Highest Common Factor of 8280, 6913, 15676 using Euclid's algorithm
Created By : Jatin Gogia
Reviewed By : Rajasekhar Valipishetty
Last Updated : Apr 06, 2023
HCF Calculator using the Euclid Division Algorithm helps you to find the Highest common factor (HCF) easily for 8280, 6913, 15676 i.e. 1 the largest integer that leaves a remainder zero for all numbers.
HCF of 8280, 6913, 15676 is 1 the largest number which exactly divides all the numbers i.e. where the remainder is zero. Let us get into the working of this example.
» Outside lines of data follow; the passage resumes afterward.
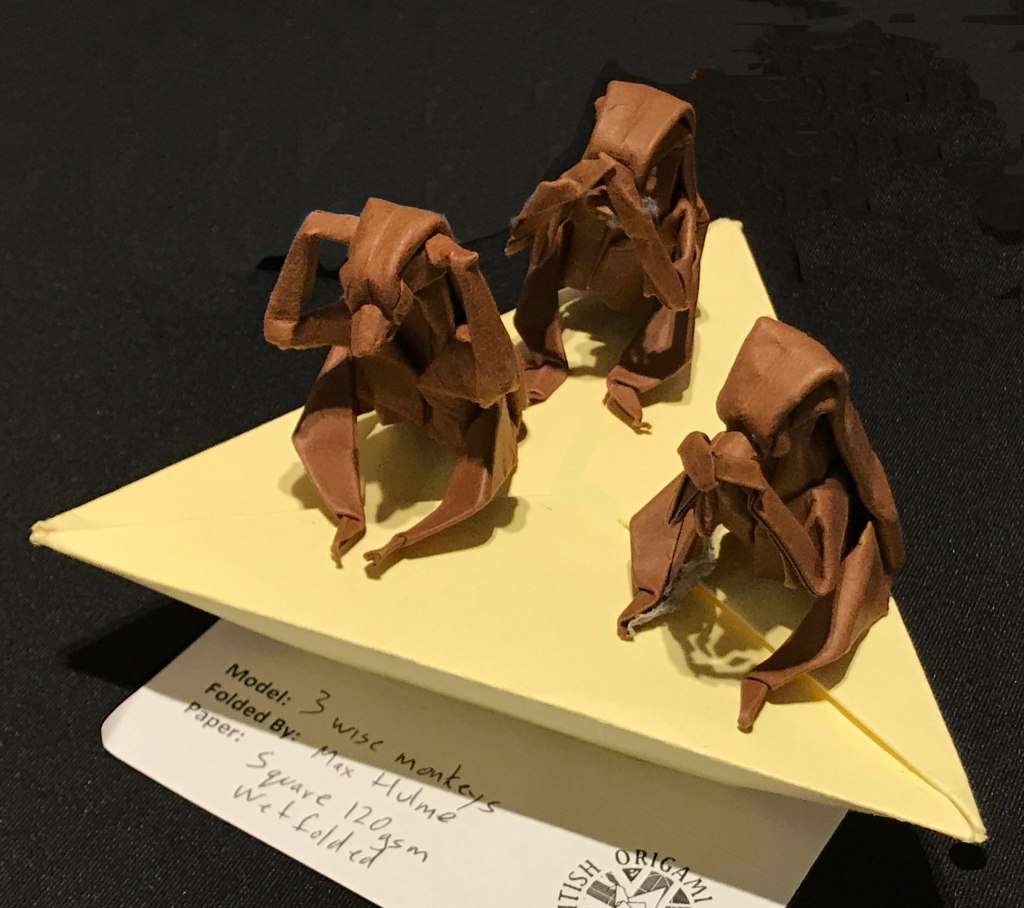 Max’s work showed that the creative process wasn’t down to chance, but instead considered and analytical, and once I’d grasped this my own origami output developed too. Present at that first convention was Martin Wall, and the three of us became friendly rivals. The BOS Whodunnit challenges were triggers for us all and constructive criticism from John Smith and Mick Guy fuelled our energies and steered us onto higher standards. It was a thrilling time!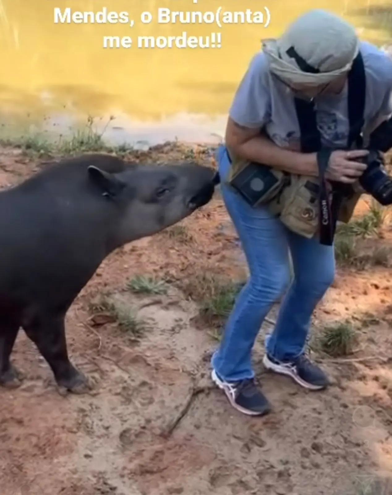 “Me distraí fotografando, ia me baixar para fotografar a Flor [outra anta], que é parceira do Bruno, ganhei uma mordida”.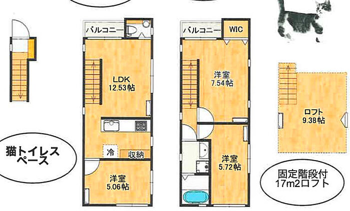 猫1匹敷金1ケ月(退去時1ヶ月分償却)猫2匹敷金2ケ月(退去時2ヶ月分償却) ペット無しの場合は敷金無し
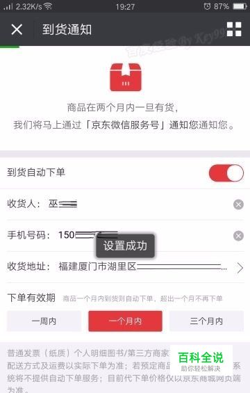 最后点击“到货帮我自动下单”,此时显示“设置成功”的提示: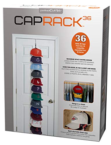 Perfect Curve Cap Rack System - Baseball Cap Organizer (Holds 36 Caps, Black)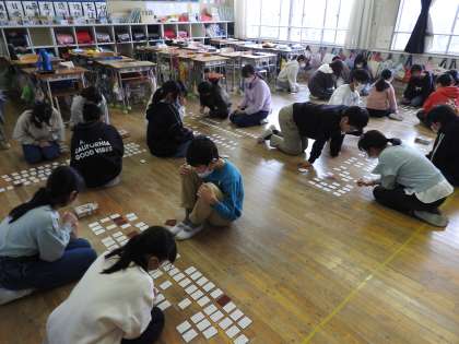 お休みの先生がいるということで、6年生の授業を二コマいただき、トップリーダー6年生たちと「中学校の予習をしよう!」ということで、「百人一首」をしました。 「覚えなくていいんだよ。」と言っているのですが、「校長先生。覚えてしまいました。」と一人一人がそれぞれのコツをつかみはじめているようです。 次は「清少納言の歌」というと「はい!」と取り札を取る子どもたちもいます。 下の句が「ひと〜」や「わが〜」という歌がたくさんあることも分かってきたそうです。 鶴二小の子どもたちは、お話をしっかり最後まで聴くことができるので、ぐんぐん力を付けていきます。

Consider we have numbers 8280, 6913, 15676 and we need to find the HCF of these numbers. To do so, we need to choose the largest integer first and then as per Euclid's Division Lemma a = bq + r where 0 ≤ r ≤ b
Highest common factor (HCF) of 8280, 6913, 15676 is 1.
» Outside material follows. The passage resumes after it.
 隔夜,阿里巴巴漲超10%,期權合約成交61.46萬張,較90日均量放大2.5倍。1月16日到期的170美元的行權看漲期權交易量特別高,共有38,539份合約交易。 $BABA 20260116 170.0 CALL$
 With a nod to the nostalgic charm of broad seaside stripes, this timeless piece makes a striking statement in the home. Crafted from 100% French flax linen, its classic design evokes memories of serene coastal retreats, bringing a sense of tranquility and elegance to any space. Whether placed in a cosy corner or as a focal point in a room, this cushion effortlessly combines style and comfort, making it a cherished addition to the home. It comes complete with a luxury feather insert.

HCF(8280, 6913, 15676) = 1
HCF of 8280, 6913, 15676 using Euclid's algorithm
Highest common factor or Highest common divisor (hcd) can be calculated by Euclid's algotithm.
Highest common factor (HCF) of 8280, 6913, 15676 is 1.
Highest Common Factor of 8280,6913,15676 is 1
Step 1: Since 8280 > 6913, we apply the division lemma to 8280 and 6913, to get
8280 = 6913 x 1 + 1367
Step 2: Since the reminder 6913 ≠ 0, we apply division lemma to 1367 and 6913, to get
6913 = 1367 x 5 + 78
Step 3: We consider the new divisor 1367 and the new remainder 78, and apply the division lemma to get
1367 = 78 x 17 + 41
We consider the new divisor 78 and the new remainder 41,and apply the division lemma to get
78 = 41 x 1 + 37
We consider the new divisor 41 and the new remainder 37,and apply the division lemma to get
41 = 37 x 1 + 4
We consider the new divisor 37 and the new remainder 4,and apply the division lemma to get
37 = 4 x 9 + 1
We consider the new divisor 4 and the new remainder 1,and apply the division lemma to get
4 = 1 x 4 + 0
The remainder has now become zero, so our procedure stops. Since the divisor at this stage is 1, the HCF of 8280 and 6913 is 1
Notice that 1 = HCF(4,1) = HCF(37,4) = HCF(41,37) = HCF(78,41) = HCF(1367,78) = HCF(6913,1367) = HCF(8280,6913) .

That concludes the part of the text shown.